02:47:37 27:13     [pythonstyle]
                   Invalidated 160 targets.
h
Does it take that long if you run
pants lint
multiple times in a row? The first time should take longer than normal because it invalidates all targets (idk about 30 minutes tho)
f
you mean multiple times in a row without changing the source code?
h
Yes, exactly
f
I’m pretty sure in that case the cache will make it fast, but the ‘cache miss’ use-case here (“I’ve changed the code, does it still pass lint?“) is kind of the main one, no? or are you asking just to diagnosis if it’s in fact invalidation that’s taking a long time
h
Mainly asking to diagnose. For example, if this is the first time you ran the command since upgrading, I suspect every target would be invalidated so it would take a long time. Usually when you’re programming, you likely would be only changing a few files, so that wouldn’t take as long as everything being invalidated. (also disclosure I’m a contributor, not maintainer, so not 100% sure what’s normal and what isn’t)
f
oh, no, this definitely isn’t the first time since we’ve upgraded, it’s regularly this slow in our CI script
that said I’m not 100% sure that the cached state is being carried over from CI run to CI run
where would that state be cached?
h
Oh hm this is on CI? Can you reproduce locally? For most CI I’ve seen in projects state gets wiped every run. Not sure how yours is set up
f
we keep some state in between runs, not sure if where pants caches this info is getting picked up as part of that
(trying to reproduce locally but ran into another issue: https://pantsbuild.slack.com/archives/C046T6T9U/p1535064816000100)

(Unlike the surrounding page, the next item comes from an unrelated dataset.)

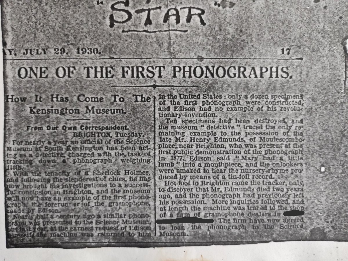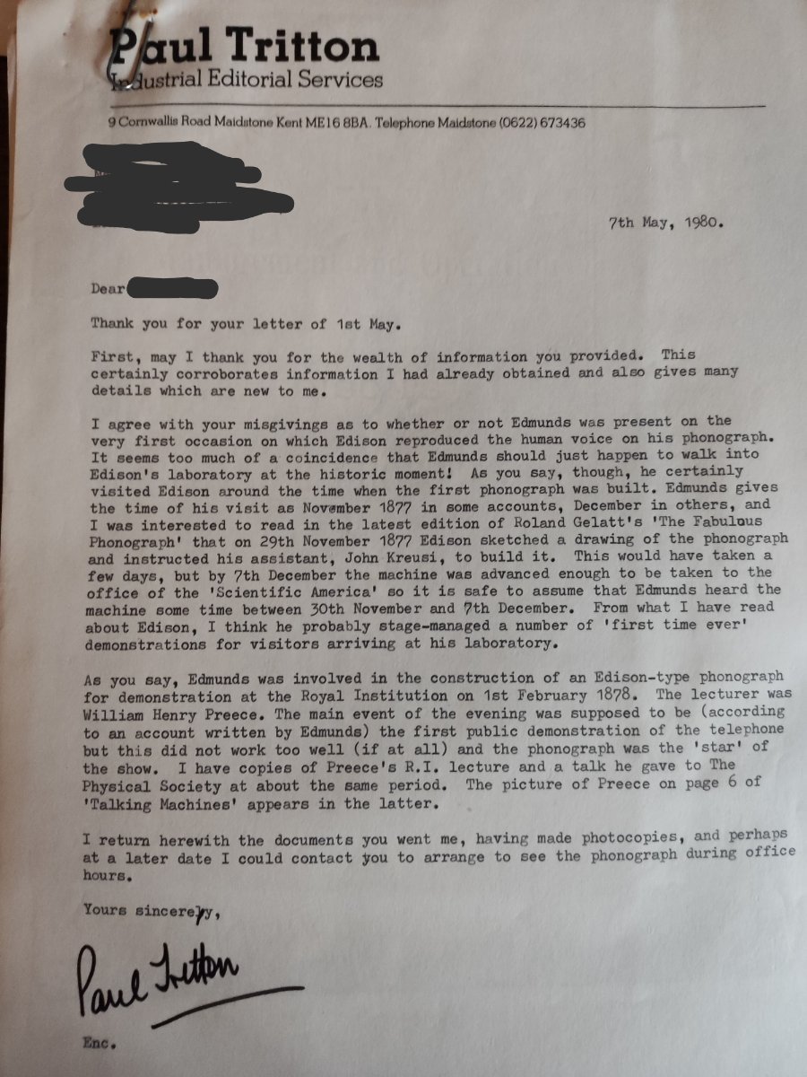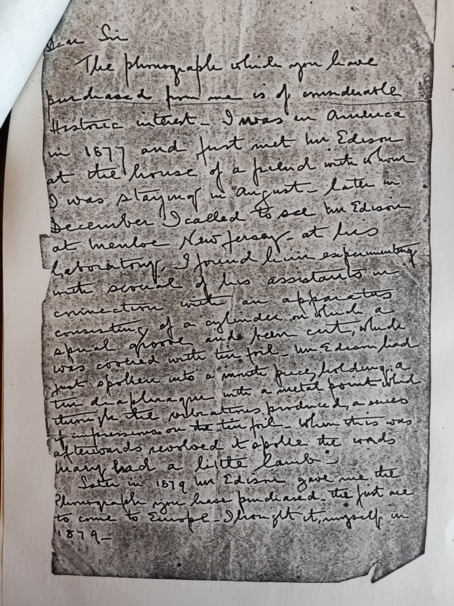 AtRicky1 Posted January 17 Author Posted January 17 On more document that you may or may not already have. I have quite a bit of other material relating to Edmunds following this. Standard Model Exhibition Tinfoil PHonograph_TAEP_Volume4.pdf

(either way though, 30 minutes even from a fresh start seems way too long, and it seems like it’s mostly getting spent internally for pants to clear its cache, not doing the actual linting)
ok, finally able to get lints to run locally; a 2nd run w/o changing source code is instant
but I’m not sure what this is testing… I think pants is basically caching the fact that the lint was run and doing nothing else
e
Can you confirm the paths shown when running
./pants options --scope=python-setup
are not blown away between CI runs?
f
I’ll double-check, but yes, interpreter_cache_dir and resolver_cache_dir should be carried over in between runs
e
If so, and your requirements aren't changing constantly this is decidedly odd.
f
worth mentioning: we also run all tests, which seems to run faster (we shard the tests 4 ways, but even so, most of the time is being spent running pytest, not doing pants pre-work… let me get some concrete numbers)
so the time between the start of the
[test]
step and the
[test] [pytest] [run]
step is about 2 seconds. the time between the start of
[lint]
and the start of
[lint] [python-eval]
is about 1 second, and then about 27 minutes goes by in between the start of
[lint] [python-eval]
and the start of
[lint] [pythonstyle]
, and then other 16 seconds from then to
[complete]
e.g., these are both from the same
./pants
invocation
Copy code
00:00:49 01:42   [test]
00:00:49 01:42     [test-jvm-prep-command]
00:00:49 01:42       [jvm_prep_command]
00:00:49 01:42     [test-prep-command]
00:00:49 01:42     [test]
00:00:49 01:42     [pytest-prep]
                   Invalidated 290 targets.
00:00:51 01:44     [pytest]
                   Invalidated 42 targets.
00:00:51 01:44       [run]
Copy code
00:05:56 06:49   [lint]
00:05:56 06:49     [scalafix]
00:05:56 06:49     [scalafmt]
00:05:56 06:49     [scalastyle]
00:05:56 06:49     [checkstyle]
00:05:57 06:50     [javascriptstyle]
00:05:57 06:50     [python-eval]
                   Invalidated 120 targets.........................................................................................................................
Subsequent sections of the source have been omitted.